The confrontation occurred 65 years ago, on Sept. 9, 1957, during the same month that a higher-profile integration effort was taking place at Little Rock Central High in the capital city a few miles away.
Jones said he was there only to watch, not participate. “I don’t know that I or anybody anticipated or had a background of knowing … what was involved. It was more a curious thing,” he said.
But Straeter’s photographs indicate Jones had to scurry around the North Little Rock Six to reach the top of the stairs before the Black students completed their walk up to the schoolhouse door. And while Jones offered a common explanation of the confrontation — that it was the work of older white supremacists — most of those surrounding the six young Black men were teenagers.
That leads to the issues of race and power and the plight of Black coaches in a game where a preponderance of players are Black yet there are only three Black full-time head coaches. If the NFL is to improve its woeful record on the hiring, promotion and nourishment of Black coaches, Jones could lead the way.
His record in key appointments has been deficient. In his 33 years as owner, Jones has had eight head coaches, all White.
Black men who have worked for Jones felt free to discuss his strengths and blind spots without fear of retribution, a sign that he was open to critiques and willing to listen. They said he has evolved.
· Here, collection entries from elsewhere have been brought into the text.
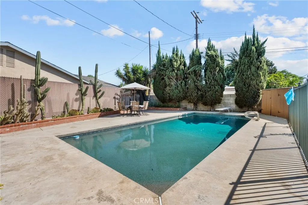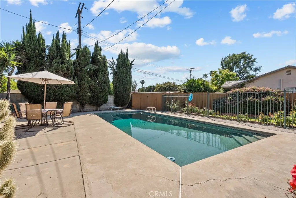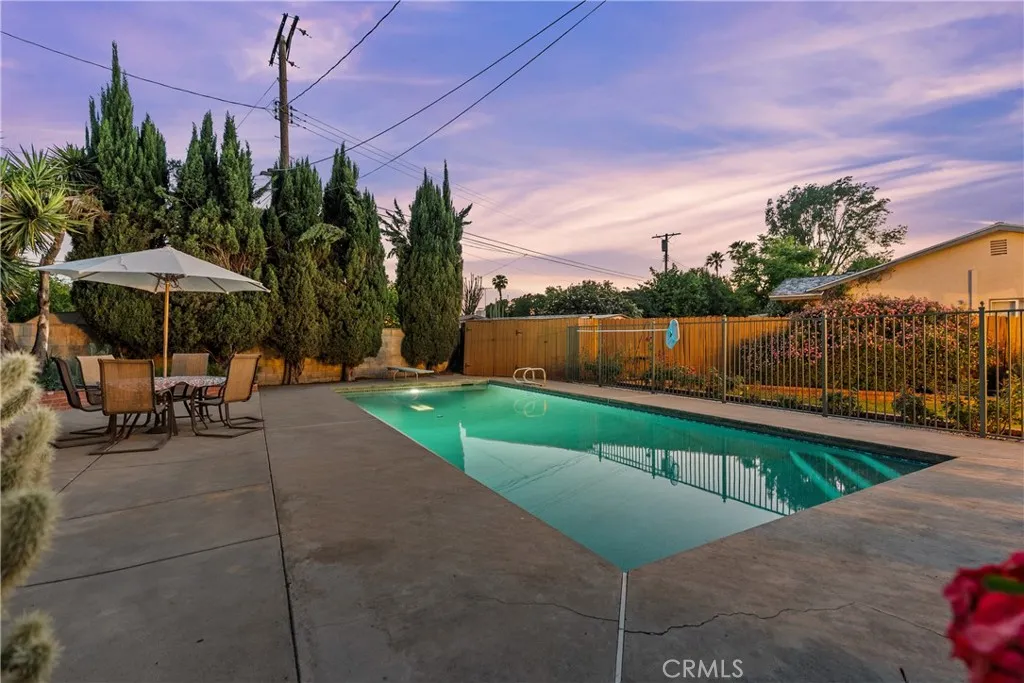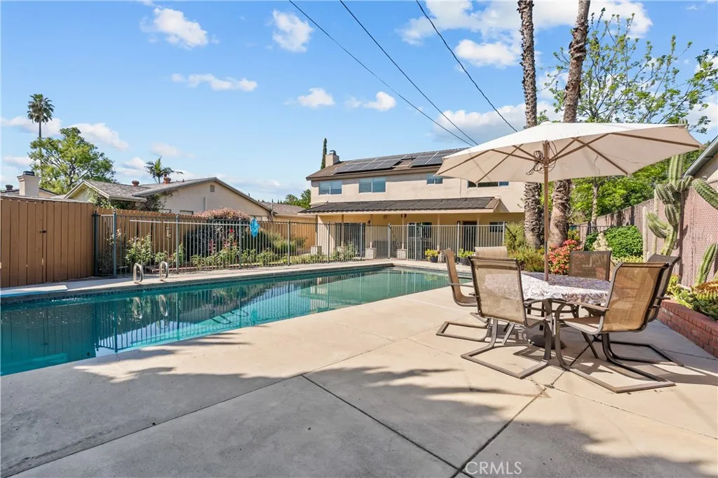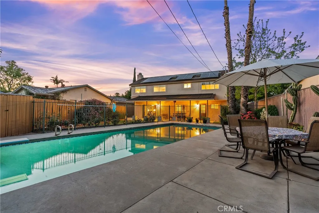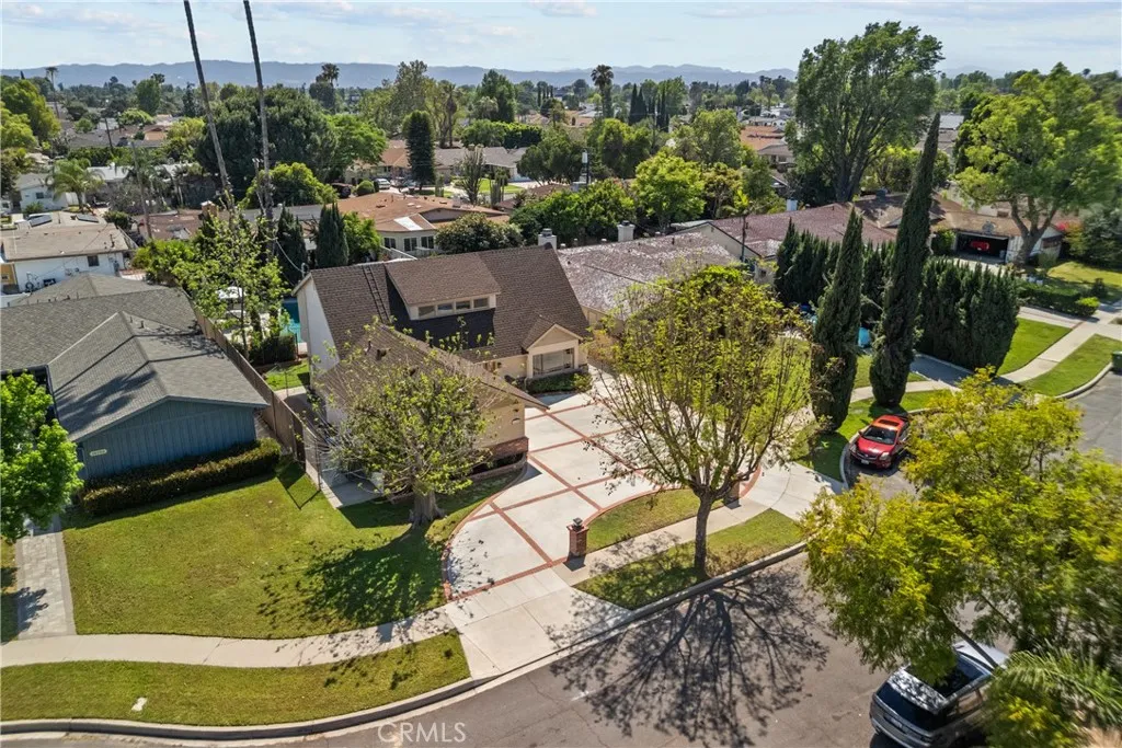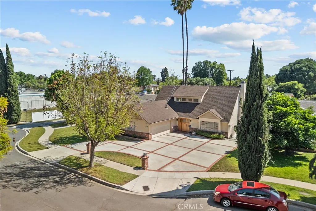Welcome to this charming Cape Cod-style pool home, ideally located on a friendly cul-de-sac in the highly sought-after North Hills West neighborhood. Beautifully maintained, this 4-bedroom, 2-bathroom residence offers approximately 1,788 square feet of inviting living space. A welcoming foyer opens to a bright, airy interior filled with timeless mid-century character. The remodeled kitchen combines style and functionality, featuring shaker cabinetry with soft-close drawers, pull-out pantry shelving, and sleek Corian countertops. A full suite of appliances includes a gas range and oven, dishwasher, microwave with vent hood, and refrigerator. The adjacent dining area is perfect for both everyday meals and entertaining, highlighted by a charming chandelier and sliding glass doors that create seamless indoor-outdoor flow to the backyard. The spacious living room offers a warm, inviting atmosphere with a cozy fireplace and a large picture window overlooking the front yard. The main level includes a versatile bedroomideal for guests, a home office, or denalongside a remodeled bathroom with a tiled shower and updated vanity. Upstairs, the generously sized primary suite features a large closet and peaceful backyard views. The main bathroom offers a dual-sink vanity, soaking tub, and separate tiled walk-in shower. Two additional upstairs bedrooms provide comfort and ample storage. Step outside to your private backyard retreat, designed for relaxation and entertaining. Enjoy a sparkling swimming pool, expansive covered flagstone patio, grassy lawn, rose garden, mature cactus garden,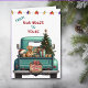 Um caminhão de picape azul teal carregar uma árvore de Natal decorada e pacotes de presentes na frente deste cartão de Natal bonito. Um cão de Vizsla vermelho olha pelo porta-malas. Um cartaz de madeira rústico na pára-choque diz "Feliz Natal". Na parte superior do cartão está uma série de luzes de Férias, e texto personalizado que diz atualmente "Da nossa casa para a sua". O dentro da placa tem mais campos de texto para personalização.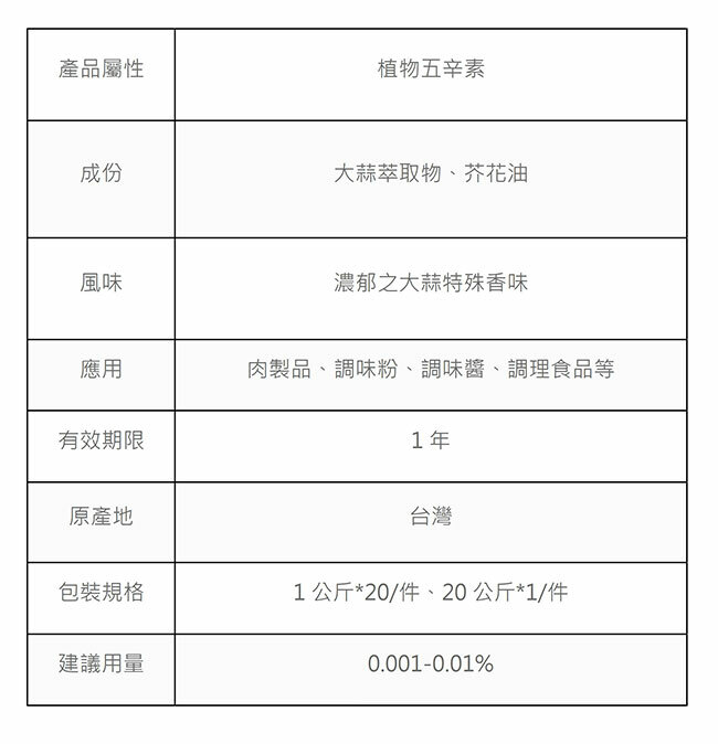 本產品嚴選大蒜蒸餾調製而成,蒜香濃郁,可替代蒜粉提供蒜香。

He puts it differently, saying the issue has gained intensity — with him and throughout the league. Now, he says, when it comes to diversity, “I want to be the first in line.”
Jones’s responses to questions about that seminal event 6½ decades ago fit a pattern that revealed itself again in his dealings with the issue of Black coaches. He is an enthralling storyteller but also a master of deflection, so absorbed in his own success story that he tends to filibuster and evade when questions get too close to a racial reckoning.
He did not see what Black people in his community saw. The Black effigy hanging from a lamppost near the schoolhouse steps the next morning. The posse of cuffed-jeans students who belted out “Dixie” as Black students passed by on the way to their segregated school across town. The 12-foot wood-and-tar-paper cross that flickered on a hillside within sight of the football team as it warmed up for its home opener. And, two months later, the swarm of White boys who descended from the high school steps, shouted “Let’s get her!” and pelted Willie Russell Cole, a 58-year-old Black maid, with icy snowballs and smeared her face in the snow as she tried to walk home.